▶ _Work instruction_
Transcribe exactly the lines below that begin at the line with "І це при тому, що" and stop after the line with "Le positionnement des", leaving out every picture.

▶ _Records provided_
= Beginning of Section =

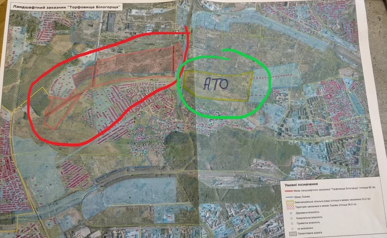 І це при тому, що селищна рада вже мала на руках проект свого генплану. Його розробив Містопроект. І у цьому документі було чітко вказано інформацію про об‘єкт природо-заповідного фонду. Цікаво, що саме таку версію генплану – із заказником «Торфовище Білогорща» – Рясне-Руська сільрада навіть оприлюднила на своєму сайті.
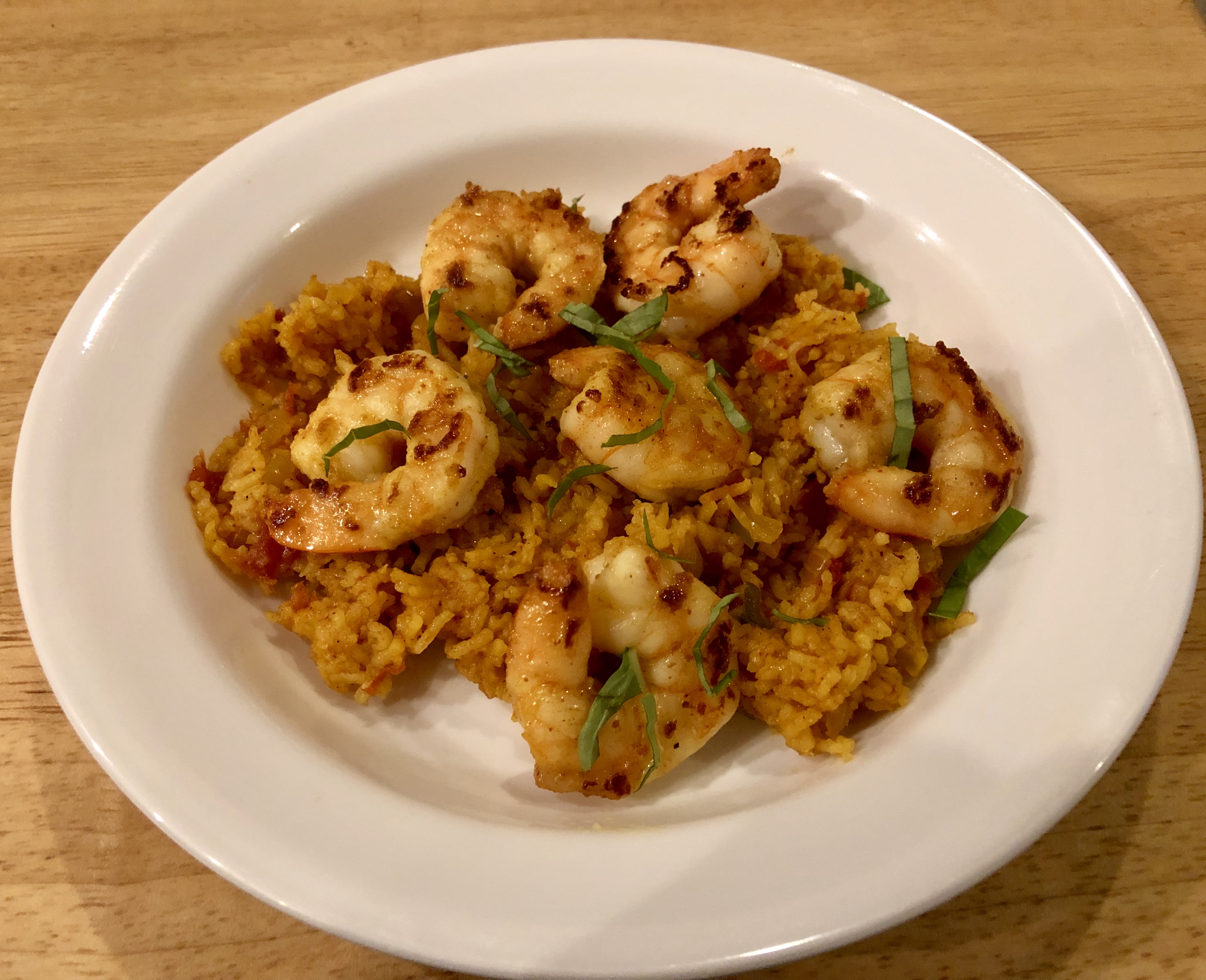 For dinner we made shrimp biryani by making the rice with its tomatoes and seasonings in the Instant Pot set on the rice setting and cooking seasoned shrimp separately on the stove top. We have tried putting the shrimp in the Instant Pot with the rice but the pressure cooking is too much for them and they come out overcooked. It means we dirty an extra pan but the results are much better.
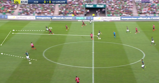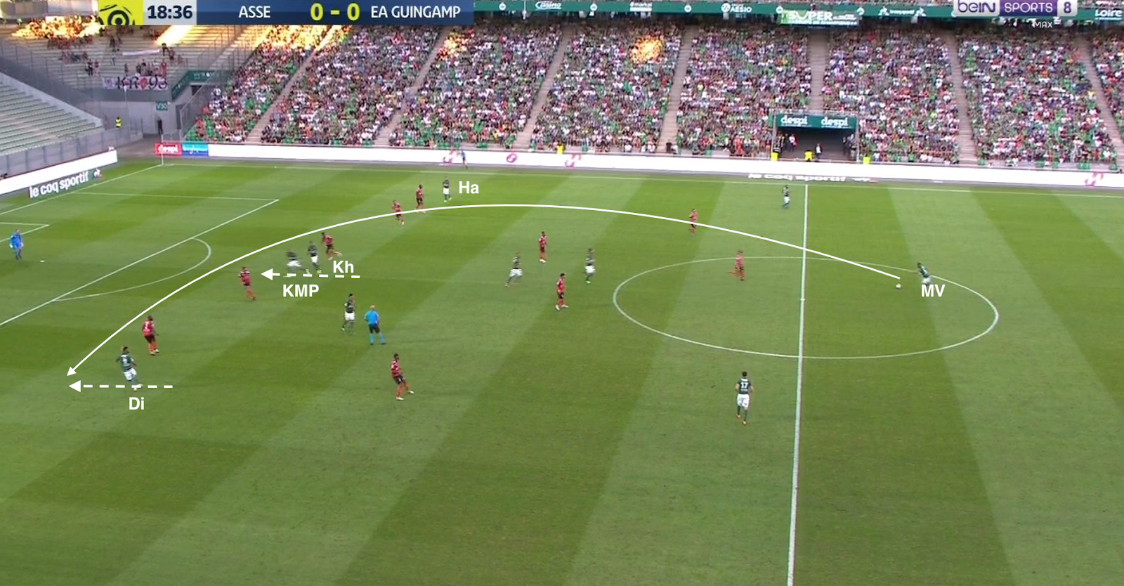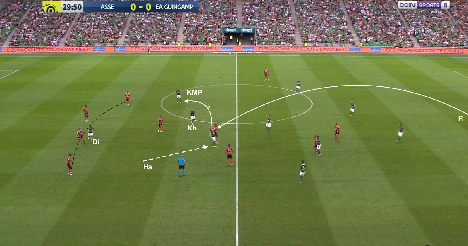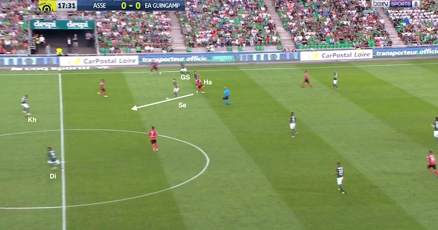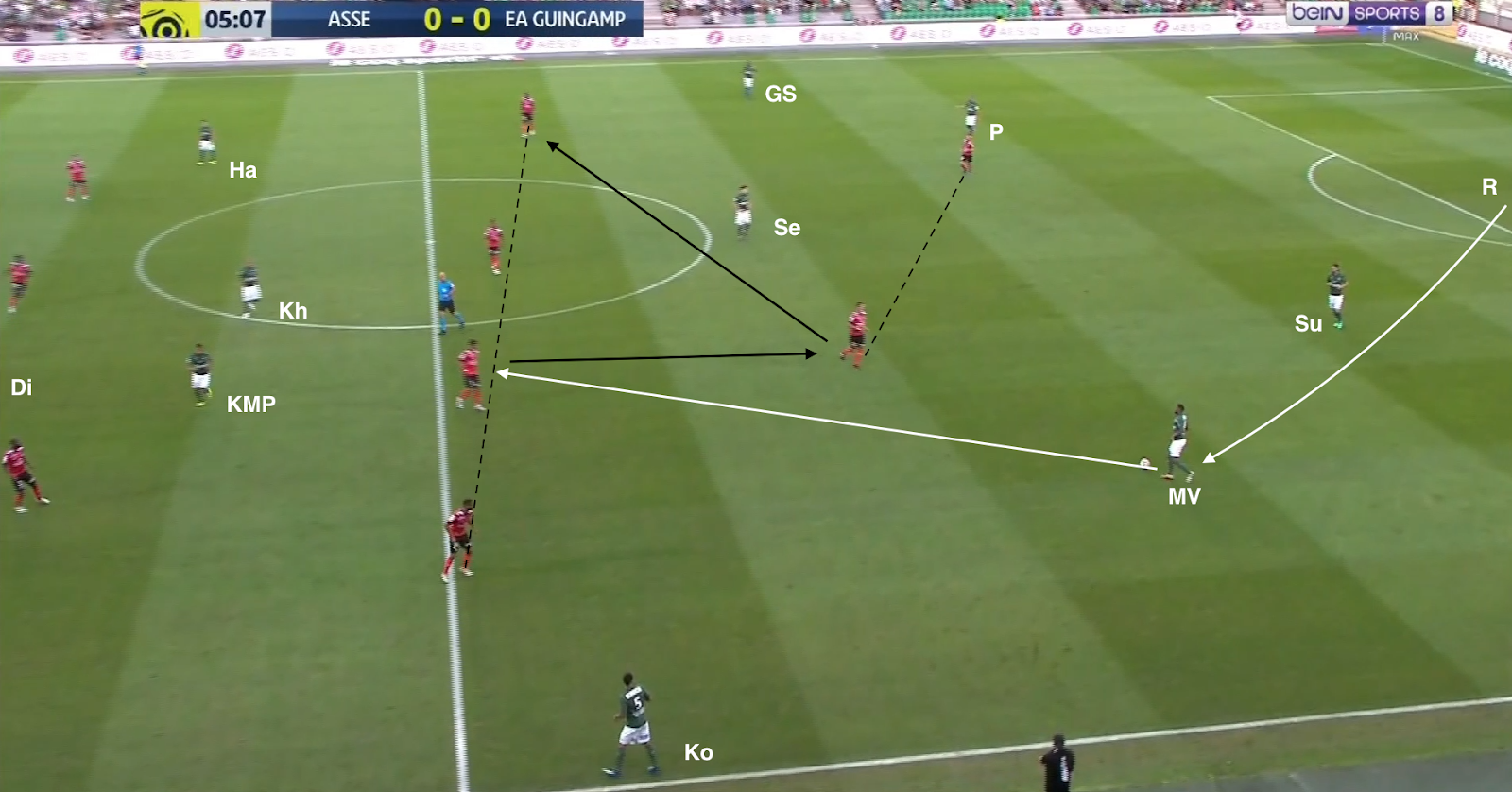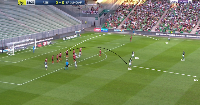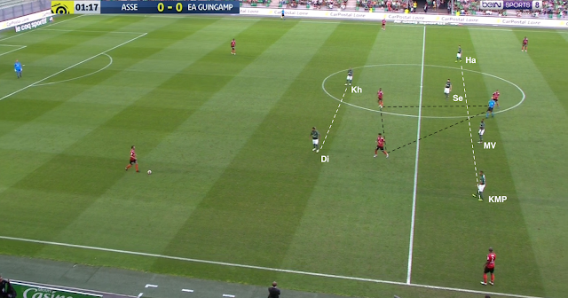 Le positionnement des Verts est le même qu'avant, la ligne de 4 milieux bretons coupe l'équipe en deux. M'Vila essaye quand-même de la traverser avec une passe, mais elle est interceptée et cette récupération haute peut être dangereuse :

= End of Section =
= Beginning of Section =

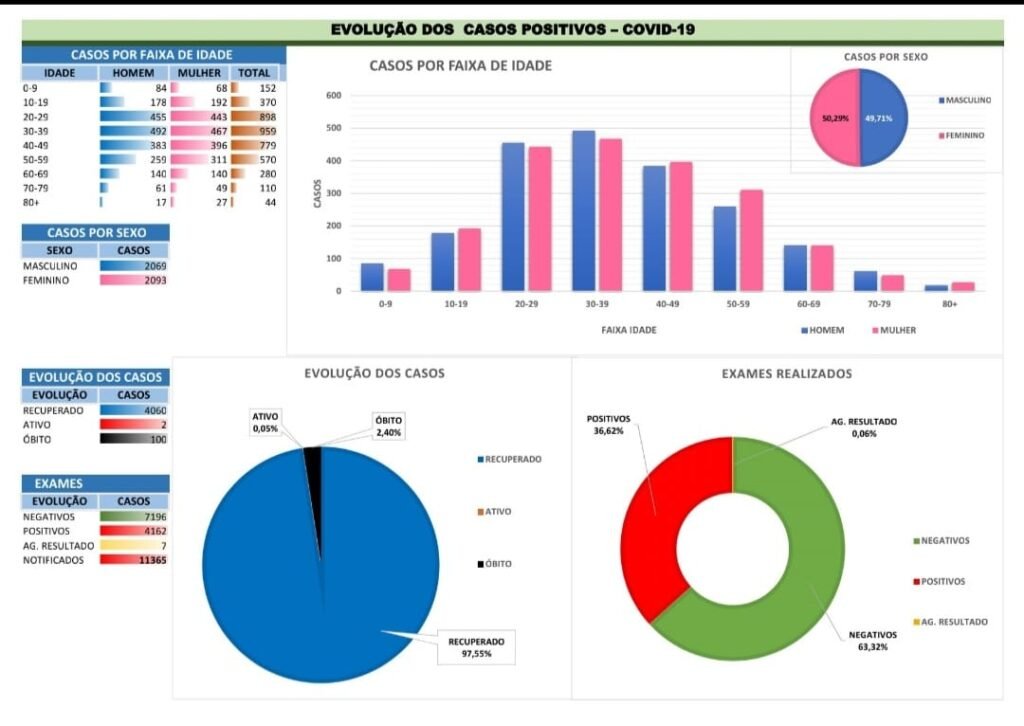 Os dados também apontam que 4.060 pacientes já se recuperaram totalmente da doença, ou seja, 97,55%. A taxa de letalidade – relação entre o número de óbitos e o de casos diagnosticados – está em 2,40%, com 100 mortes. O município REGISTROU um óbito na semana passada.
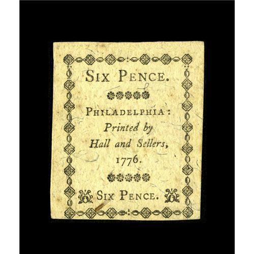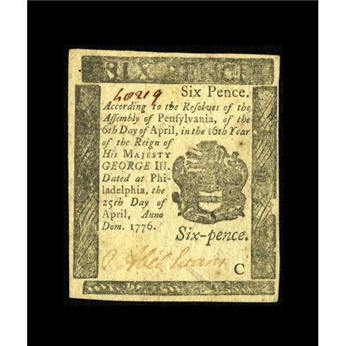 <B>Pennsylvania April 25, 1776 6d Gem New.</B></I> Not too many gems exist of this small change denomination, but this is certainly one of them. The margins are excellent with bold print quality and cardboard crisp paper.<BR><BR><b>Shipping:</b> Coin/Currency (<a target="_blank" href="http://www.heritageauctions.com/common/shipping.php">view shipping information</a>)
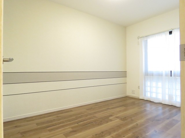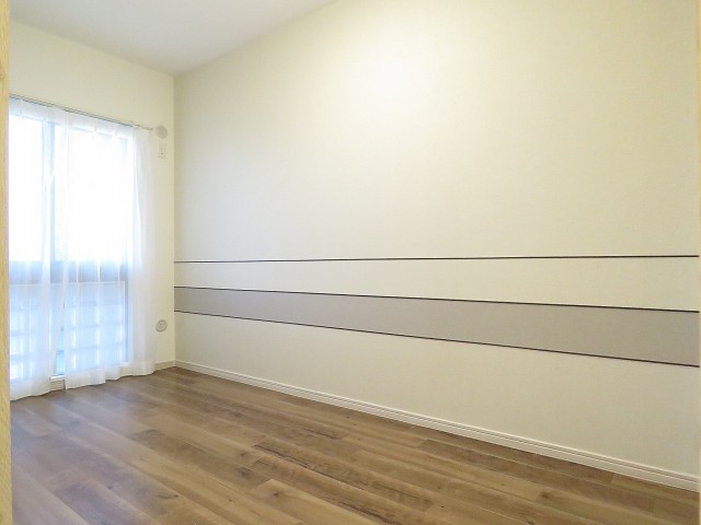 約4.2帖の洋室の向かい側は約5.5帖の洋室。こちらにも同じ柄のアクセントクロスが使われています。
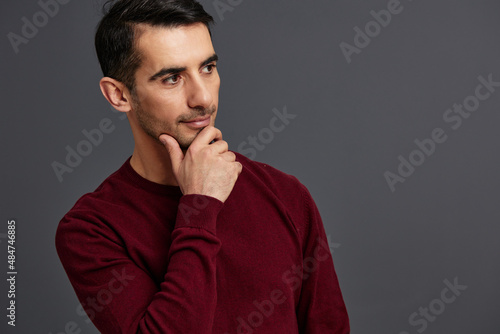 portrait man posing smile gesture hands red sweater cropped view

= End of Section =
= Beginning of Section =

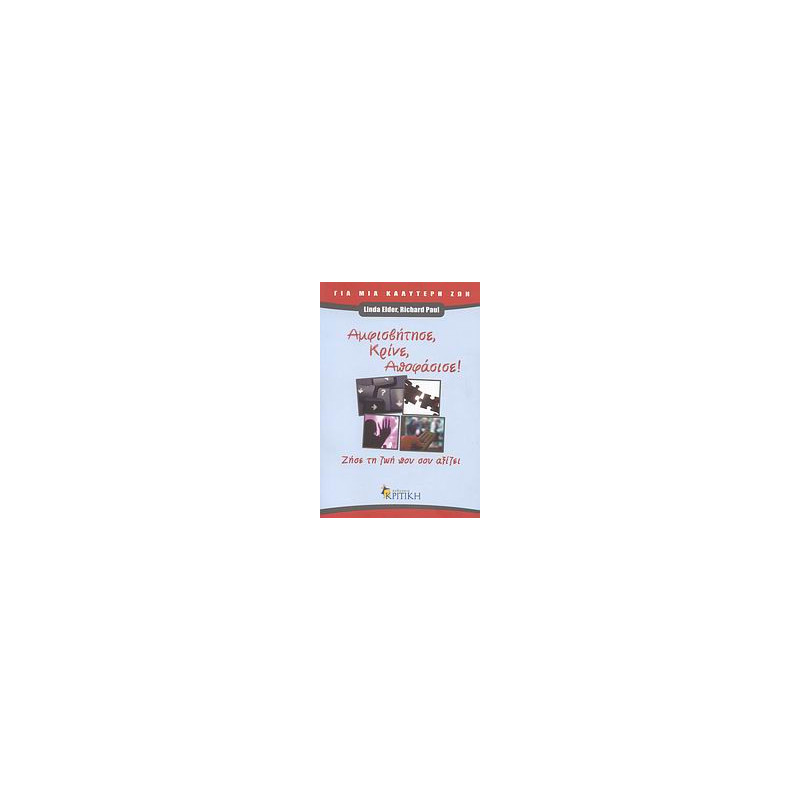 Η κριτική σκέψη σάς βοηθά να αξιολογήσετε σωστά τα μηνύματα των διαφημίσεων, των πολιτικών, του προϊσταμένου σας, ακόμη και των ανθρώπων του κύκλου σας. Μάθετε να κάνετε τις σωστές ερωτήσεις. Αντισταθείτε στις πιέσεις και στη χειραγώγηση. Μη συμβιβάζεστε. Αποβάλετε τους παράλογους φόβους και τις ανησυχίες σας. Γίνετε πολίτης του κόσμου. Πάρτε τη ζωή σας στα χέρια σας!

= End of Section =

▶ _Finished exercise_
 І це при тому, що селищна рада вже мала на руках проект свого генплану. Його розробив Містопроект. І у цьому документі було чітко вказано інформацію про об‘єкт природо-заповідного фонду. Цікаво, що саме таку версію генплану – із заказником «Торфовище Білогорща» – Рясне-Руська сільрада навіть оприлюднила на своєму сайті.
 For dinner we made shrimp biryani by making the rice with its tomatoes and seasonings in the Instant Pot set on the rice setting and cooking seasoned shrimp separately on the stove top. We have tried putting the shrimp in the Instant Pot with the rice but the pressure cooking is too much for them and they come out overcooked. It means we dirty an extra pan but the results are much better.
 Le positionnement des Verts est le même qu'avant, la ligne de 4 milieux bretons coupe l'équipe en deux. M'Vila essaye quand-même de la traverser avec une passe, mais elle est interceptée et cette récupération haute peut être dangereuse :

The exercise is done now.